Rio Mondego, Coimbra, vista a partir da Ponte de Santa Clara.
Imagem daqui.
"Coimbra, 11 de Dezembro (de 1950) - Não há dúvida: - A poesia portuguesa dividiu-se. A um grande rio barrento veio desembocar um corgo cristalino. No mar do esquecimento que espera todas as realizações humanas, talvez se juntem e desapareçam. Mas até lá, vê-se nitidamente a fronteira das duas águas. Foi uma graça formal, uma economia de meios, uma modernidade de imagens e de sensações que vieram arejar uma retórica de comício, um sentimentalismo piegas, um bombeirismo arcádico, que desgraçadamente têm fundas raízes no nosso temperamento.

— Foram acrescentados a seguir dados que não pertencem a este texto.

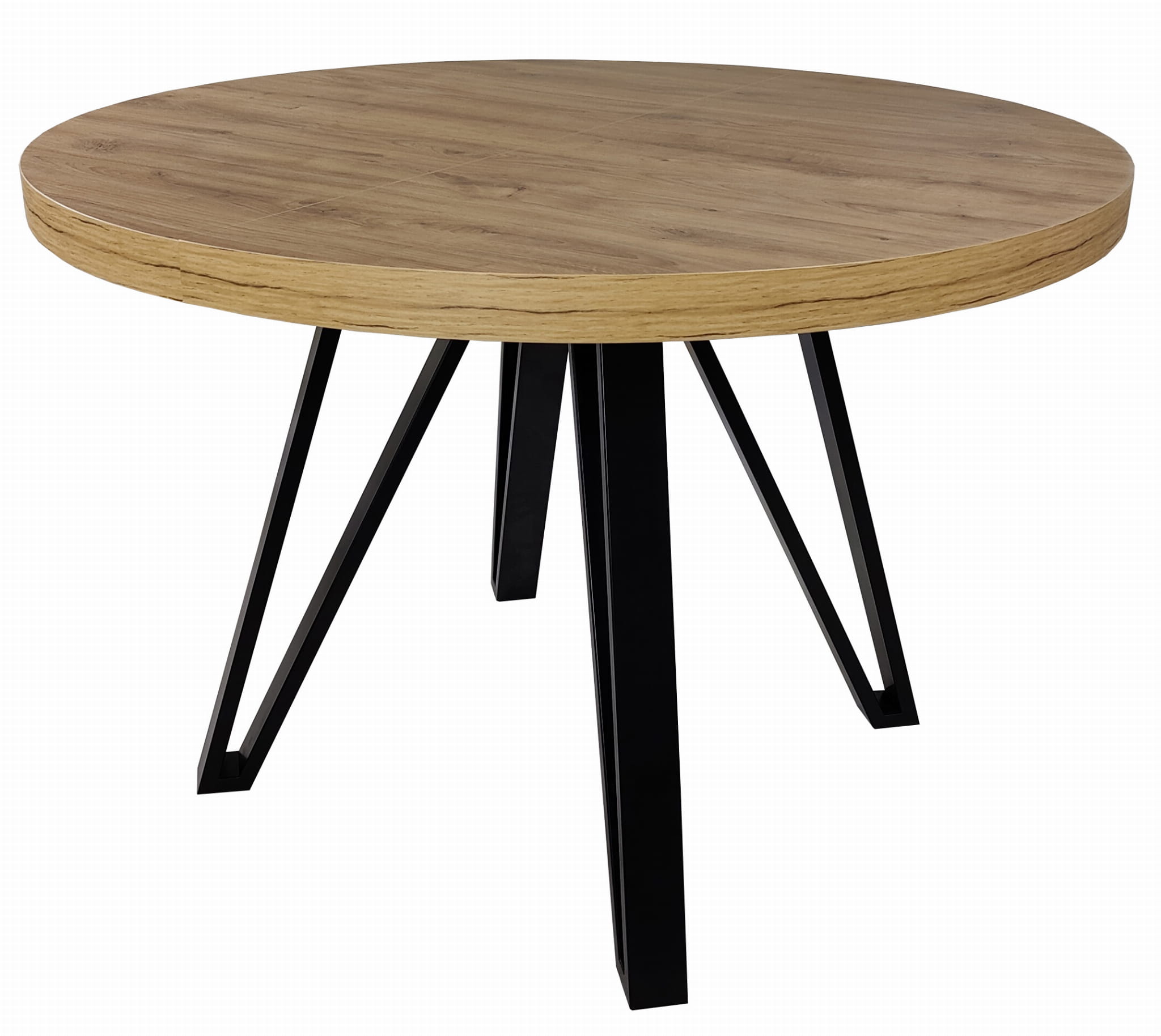 Stół okrągły rozkładany Ø 110/210 dąb odwieczny + czarne nogi metal industrial

Embora tardiamente, também ao luso Parnaso chegou um pouco do gosto, do arrojo e da força renovadora que são a glória de Baudelaire.
A marca literária dos tempos presentes é o desejo incansável de uma originalidade a todo o preço. E sendo certo que é melhor possuir a originalidade do que procurá-la, em última análise o que importa é encontrá-la nas obras. O que felizmente vai acontecendo por cá.
Caudalosa, porém, a velha corrente recusa-se a considerar sequer a transparência que a margina. Fiéis ao passado, teimosamente antediluvianos, certos nomes com prestígio insistem na sua impetuosa cegueira, ou porque realmente não podem, ou porque verdadeiramente não querem ver a perdição. Um refluir incansável e trágico do mau gosto ancestral apoia-os, de resto, com pertinácia. É ver o que se passa neste momento: - Ainda a aura benéfica de Fernando Pessoa está a crescer, e já se aperram as pistolas contra ela.
Seja como for, os dados estão na mesa; digam o que disserem, não há despeitos impotentes que apaguem na pedra a marca de certas presenças. O rio barrento tem à perna um espelho de claridade..."
Miguel Torga, Diário V, Coimbra, edição do autor (revista), s/ d, pp. 172-173.